Au cours des dix dernières années, le propriétaire britannique des mines de rubis au Mozambique a vendu pour plus de 500 millions d'euros de rubis dans le monde entier. Au-delà des cascades de relations publiques traitant de la responsabilité sociale des entreprises, ces entreprises se contentent d'extraire cette richesse sans employer les communautés de jeunes. Cela a poussé les jeunes de Monte puez à se rendre sur les terres appartenant à Gem fields pour exploiter illégalement ces précieuses pierres précieuses.

Conclusion

Lee Kuan Yew, le père du Singapour moderne, a écrit dans son livre « Du tiers-monde au premier monde », que pour que la société se transforme, « il faut l'émergence d'une élite critique éclairée » qui poussera les rouages ​​de la société. En Afrique, nous semblons manquer de cette élite éclairée qui pense pour la société en général. Afin de créer un cycle de croissance autonome, il est essentiel d'investir dans le capital humain et de veiller à ce que les individus puissent mettre leurs compétences à profit localement plutôt que de migrer pour bâtir les économies d'autres nations. Cela nécessite des investissements importants dans l'éducation et la mise en place de politique d'incitations pour les secteurs viables tels que l'agriculture et l'économie numérique.

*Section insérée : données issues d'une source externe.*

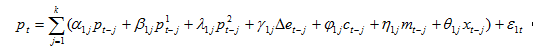 我利用VAR模型进行汇率传递效应研究,模型是即p与多个变量的滞后做VAR检验,然后汇率e只采用滞后三阶进行检验,那这样出来结果之后汇率的短期乘数和长期乘数是多少?

Si nous agissons de manière décisive et rapide, la population croissante de jeunes en Afrique peut passer d'un handicap potentiel à un atout considérable. Cependant, si nous n'agissons pas, nous risquons de faire face à une bombe à retardement qui pourrait devenir impossible à désamorcer. Seul le temps nous dira si nous récolterons un dividende démographique ou subirons les conséquences de l'inaction.